→ **Information provided**:
○ ○ ○ ○ ○ ○ ○
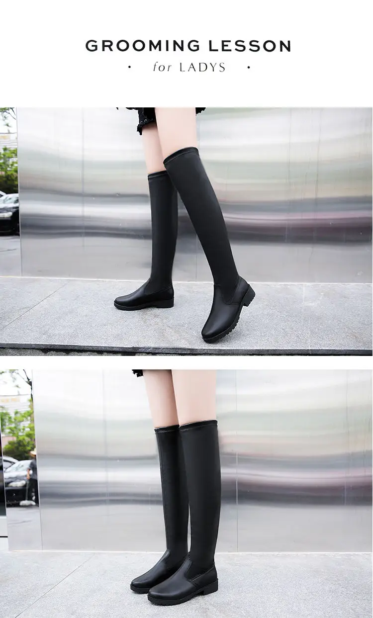 Женские сапоги выше колена из искусственной кожи, на плоской подошве, на низком каблуке, высокие эластичные сапоги ZUZI, 2021
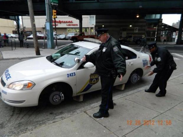Probabil cei doi ofiţeri au mers să îşi cumpere ceva de mâncare, iar când s-au întors au găsit maşina pe butuci, la propriu. Reacţia lor a fost imortalizată de un martor, iar fotografia este de mare succes pe internet:
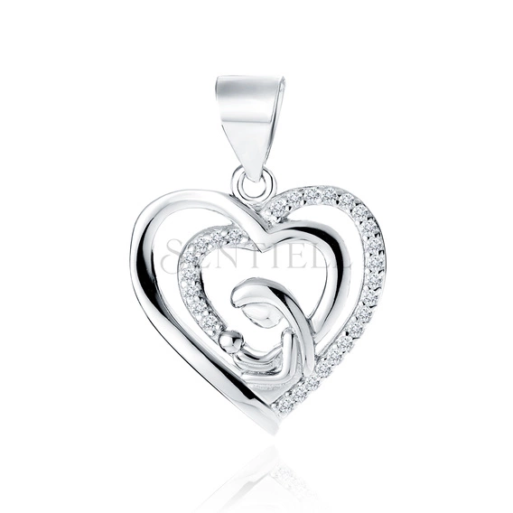 Srebrna zawieszka pr.925 matka z dzieckiem w sercu z białymi cyrkoniami
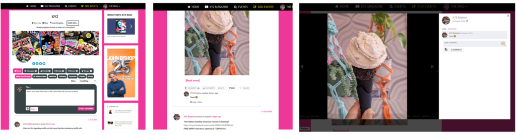 - Share your XYZ page at your socials – example post:”AMAZING NEWS! Brighton’s just got it’s own social network!! I’ve joined already, please connect with me there now at my page: xyzbrighton.com/your-page & let’s support this brilliant new FREE local tool to foster better local sharing online in the Brighton & Hove community, & kick it OFF! See you at XYZ Social!”
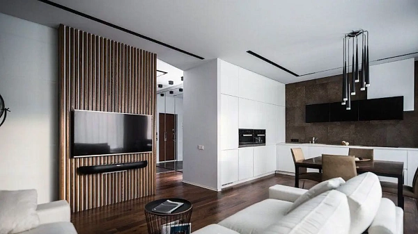 Интерьер квартиры выполнен в очень красивым и оригинальном стиле, сочетающем в себе минимализм и классику. Здесь нет ничего лишнего, но при этом квартира выглядит очень роскошно и вызывает неподдельный восторг у каждого, кто был тут хотя бы один раз.
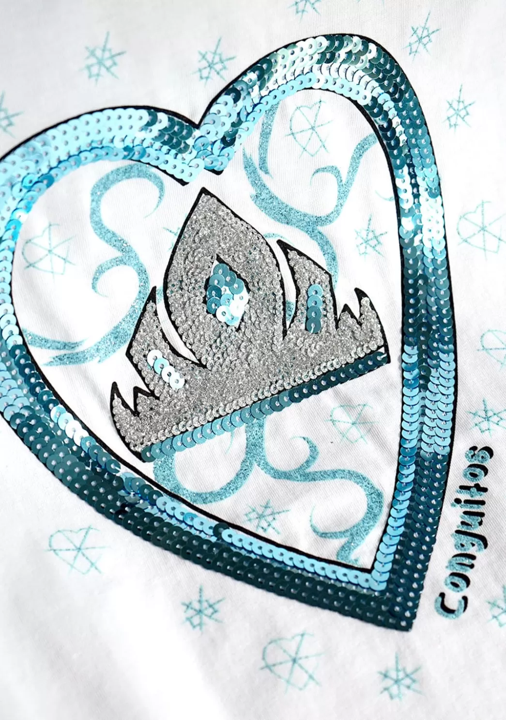 Camiseta de niña de manga corta con dibujo de corona y corazón con lentejuelas en tonos azules y plata. Este camiseta con detalles de princesa y copos de nieve, está fabricada en algodón aportando suavidad y comodidad. ¡Una camiseta ideal para combinar con nuestras Zapatillas con Luz Fantasía!
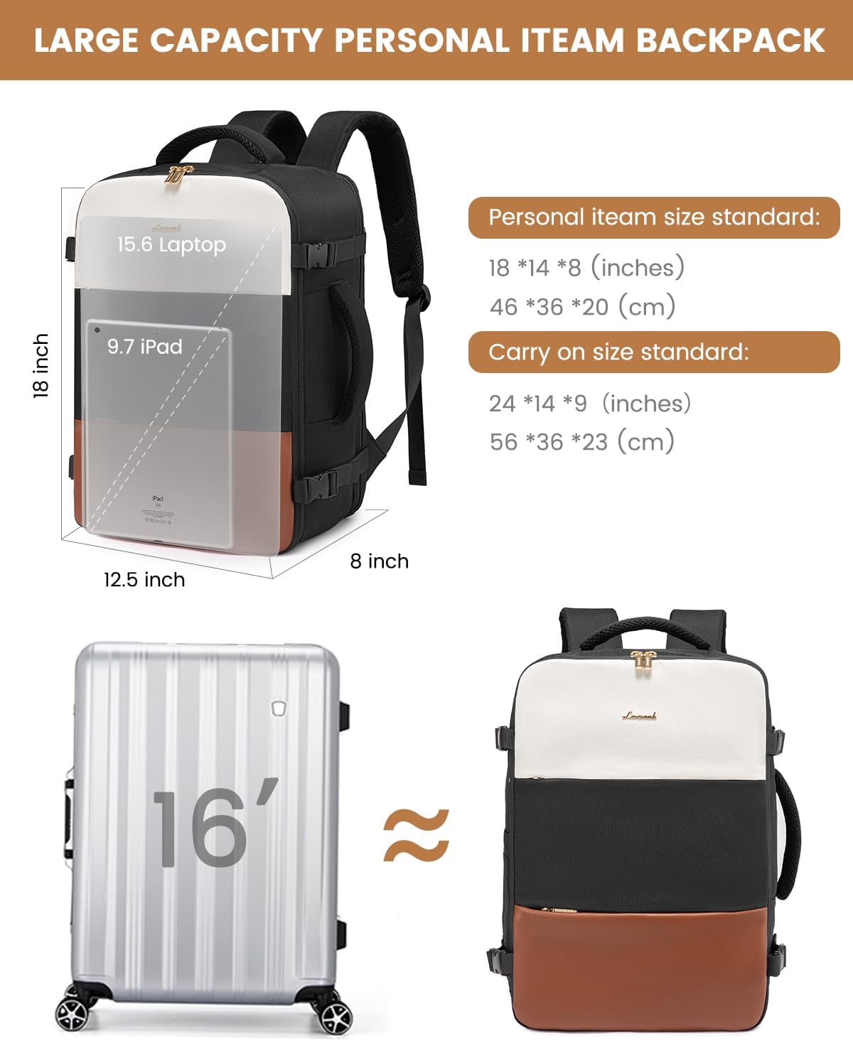 【AIRLINE APPROVED & TSA FRIENDLY】:Dimensions 18*12.5*8 inch, Light Weight 2.6 lb, Capacity 35L,our carry on backpack meets the requirements of airlines like Spirit, Frontier, and JetBlue. It fits under seats and in overhead compartments, with a 180° opening laptop compartment for quick security checks.
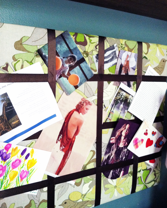 I made this bulletin board a couple of weeks ago with some fabric and ribbon, and it's since been hanging bare above my desk while I thought about how to use it. This morning I decided not to use it as a repository for bills or invitations or anything that's a drag at all. Instead this is to be the place for all the magazine clippings, poems, photos, and artwork that speak to me. It's my real-life Pinterest. I kind of love that it's above my desk, which is where a lot of dry writing has to get done on a daily basis. I hope it will remind me to keep dreaming, creating, and having fun. Also makes me think of a Picasso quote I saw on a painter friend's Facebook page today: “Art washes from the soul the dust of everyday life.” Nice one, Pablo.
○ ○ ○ ○ ○ ○ ○
→ **Brief**: When restating the records word for word, omit any picture they contain.

→ **Output of the exercise**:
 Женские сапоги выше колена из искусственной кожи, на плоской подошве, на низком каблуке, высокие эластичные сапоги ZUZI, 2021
Probabil cei doi ofiţeri au mers să îşi cumpere ceva de mâncare, iar când s-au întors au găsit maşina pe butuci, la propriu. Reacţia lor a fost imortalizată de un martor, iar fotografia este de mare succes pe internet:
 Srebrna zawieszka pr.925 matka z dzieckiem w sercu z białymi cyrkoniami
 - Share your XYZ page at your socials – example post:”AMAZING NEWS! Brighton’s just got it’s own social network!! I’ve joined already, please connect with me there now at my page: xyzbrighton.com/your-page & let’s support this brilliant new FREE local tool to foster better local sharing online in the Brighton & Hove community, & kick it OFF! See you at XYZ Social!”
 Интерьер квартиры выполнен в очень красивым и оригинальном стиле, сочетающем в себе минимализм и классику. Здесь нет ничего лишнего, но при этом квартира выглядит очень роскошно и вызывает неподдельный восторг у каждого, кто был тут хотя бы один раз.
 Camiseta de niña de manga corta con dibujo de corona y corazón con lentejuelas en tonos azules y plata. Este camiseta con detalles de princesa y copos de nieve, está fabricada en algodón aportando suavidad y comodidad. ¡Una camiseta ideal para combinar con nuestras Zapatillas con Luz Fantasía!
 【AIRLINE APPROVED & TSA FRIENDLY】:Dimensions 18*12.5*8 inch, Light Weight 2.6 lb, Capacity 35L,our carry on backpack meets the requirements of airlines like Spirit, Frontier, and JetBlue. It fits under seats and in overhead compartments, with a 180° opening laptop compartment for quick security checks.
 I made this bulletin board a couple of weeks ago with some fabric and ribbon, and it's since been hanging bare above my desk while I thought about how to use it. This morning I decided not to use it as a repository for bills or invitations or anything that's a drag at all. Instead this is to be the place for all the magazine clippings, poems, photos, and artwork that speak to me. It's my real-life Pinterest. I kind of love that it's above my desk, which is where a lot of dry writing has to get done on a daily basis. I hope it will remind me to keep dreaming, creating, and having fun. Also makes me think of a Picasso quote I saw on a painter friend's Facebook page today: “Art washes from the soul the dust of everyday life.” Nice one, Pablo.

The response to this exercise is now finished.